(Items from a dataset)
_ _ _ _ _

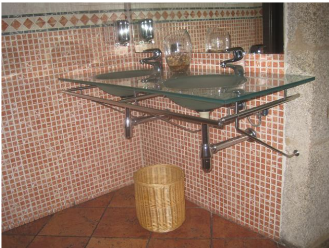
Lavabo del Aseo Adaptado
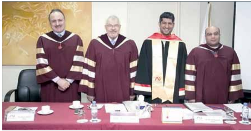
• الباحث متوسلاً لجنة المناقشة

انخفاض المستوى المعرفي لدى الطلبة ذوي صعوبات التعلم في مادة اللغة العربية. واختار الباحث مفردات العينة من الطلبة ذوي صعوبات التعلم من الذكور والإناث، وذلك في المدارس الابتدائية الحكومية المطبقة لبرنامج صعوبات التعلم، وكان عدد أفراد العينة المختارة (18) مفردة من طلبة الصف الخامس الابتدائي.
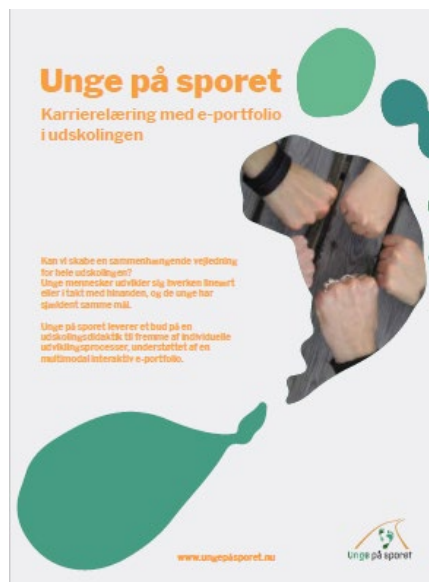
Tilrettelagt af Moeve aps

Endelig er brochuren er publiceret på materialeplatformen.
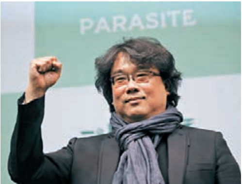
奉俊昊對戰勝新冠肺炎疫情充滿信心。

在《上流寄生族》勇奪奧斯卡四項大獎包括最佳原創劇本、最佳國際電影、最佳導演以及最高榮譽的最佳電影之後，奉俊昊、宋康昊於近日再度訪問日本，在東京召開《上流寄生族》新聞記者會。其間，有記者提問曾執導過《韓流怪嚇》的奉俊昊如何看待當下的新冠肺炎疫情。奉俊昊說：「在病毒侵入人體之前，人們在內心製造了更大的恐懼和不安。如果被捲入這種恐懼心理，我們將很難戰勝這次的災難。與漢江怪物不同，我們現在的情況是：病毒實際存在。但如果我們對此過度反應，再出現對國家、人種的偏見/歧視的話，將引起更加恐怖的事情。」奉俊昊最後表示，他對克服疫情抱有希望，認為「我們就快克服這次的難關了。」
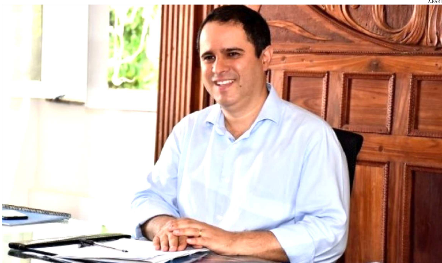
O PREFEITO EDIVALDO HOLANDA JÚNIOR PAGA NA PRÓXIMA SEXTA-FEIRA (19) A PRIMEIRA PARCELA DO 13º SALÁRIO AOS SERVIDORES

O prefeito Edivaldo Holanda Júnior paga na próxima sexta-feira (19) a primeira parcela do 13º salário aos servidores municipais. Uma ótima notícia para os servidores e para o comércio local que será aquecido. A exemplo do ano passado, a Prefeitura de São Luís, mais uma vez, antecipa o calendário de pagamentos que indicava que o 13º seria pago integralmente, em dezembro. Além de demonstrar comprometimento com os servidores públicos municipais, o prefeito Edivaldo contribui com a movimentação do comércio local, aumentando o poder de compra de parte da população ludovicense que compõe o quadro da Prefeitura.
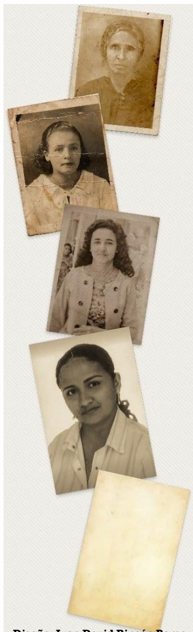
Diseño: Juan David Rincón Barco
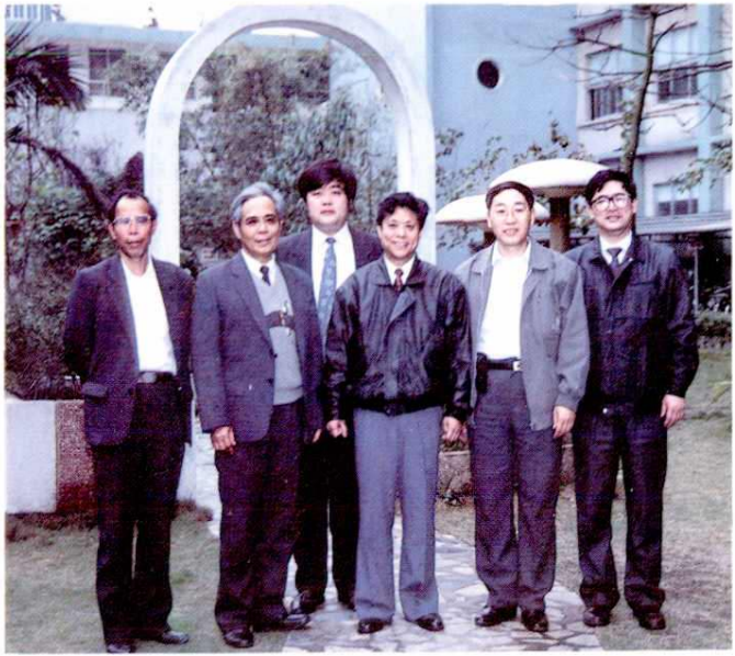
1993年3月6日邮电部副部长谢高觉(左四)到局视察并题词
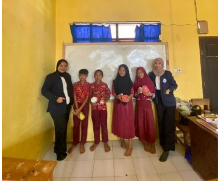
Sosialisasi menabung sejak dini di SDN 05 Negeri Katon
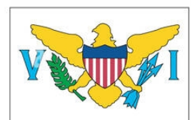
UNITED STATES VIRGIN ISLANDS

_ _ _ _ _

* [Exercise brief]
Leave out every picture and copy, exactly as written, the lines from the one with "انخفاض المستوى المعرفي" through the end of the records above.

* [Response]
انخفاض المستوى المعرفي لدى الطلبة ذوي صعوبات التعلم في مادة اللغة العربية. واختار الباحث مفردات العينة من الطلبة ذوي صعوبات التعلم من الذكور والإناث، وذلك في المدارس الابتدائية الحكومية المطبقة لبرنامج صعوبات التعلم، وكان عدد أفراد العينة المختارة (18) مفردة من طلبة الصف الخامس الابتدائي.
Tilrettelagt af Moeve aps

Endelig er brochuren er publiceret på materialeplatformen.
奉俊昊對戰勝新冠肺炎疫情充滿信心。

在《上流寄生族》勇奪奧斯卡四項大獎包括最佳原創劇本、最佳國際電影、最佳導演以及最高榮譽的最佳電影之後，奉俊昊、宋康昊於近日再度訪問日本，在東京召開《上流寄生族》新聞記者會。其間，有記者提問曾執導過《韓流怪嚇》的奉俊昊如何看待當下的新冠肺炎疫情。奉俊昊說：「在病毒侵入人體之前，人們在內心製造了更大的恐懼和不安。如果被捲入這種恐懼心理，我們將很難戰勝這次的災難。與漢江怪物不同，我們現在的情況是：病毒實際存在。但如果我們對此過度反應，再出現對國家、人種的偏見/歧視的話，將引起更加恐怖的事情。」奉俊昊最後表示，他對克服疫情抱有希望，認為「我們就快克服這次的難關了。」
O PREFEITO EDIVALDO HOLANDA JÚNIOR PAGA NA PRÓXIMA SEXTA-FEIRA (19) A PRIMEIRA PARCELA DO 13º SALÁRIO AOS SERVIDORES

O prefeito Edivaldo Holanda Júnior paga na próxima sexta-feira (19) a primeira parcela do 13º salário aos servidores municipais. Uma ótima notícia para os servidores e para o comércio local que será aquecido. A exemplo do ano passado, a Prefeitura de São Luís, mais uma vez, antecipa o calendário de pagamentos que indicava que o 13º seria pago integralmente, em dezembro. Além de demonstrar comprometimento com os servidores públicos municipais, o prefeito Edivaldo contribui com a movimentação do comércio local, aumentando o poder de compra de parte da população ludovicense que compõe o quadro da Prefeitura.
Diseño: Juan David Rincón Barco
1993年3月6日邮电部副部长谢高觉(左四)到局视察并题词
Sosialisasi menabung sejak dini di SDN 05 Negeri Katon
UNITED STATES VIRGIN ISLANDS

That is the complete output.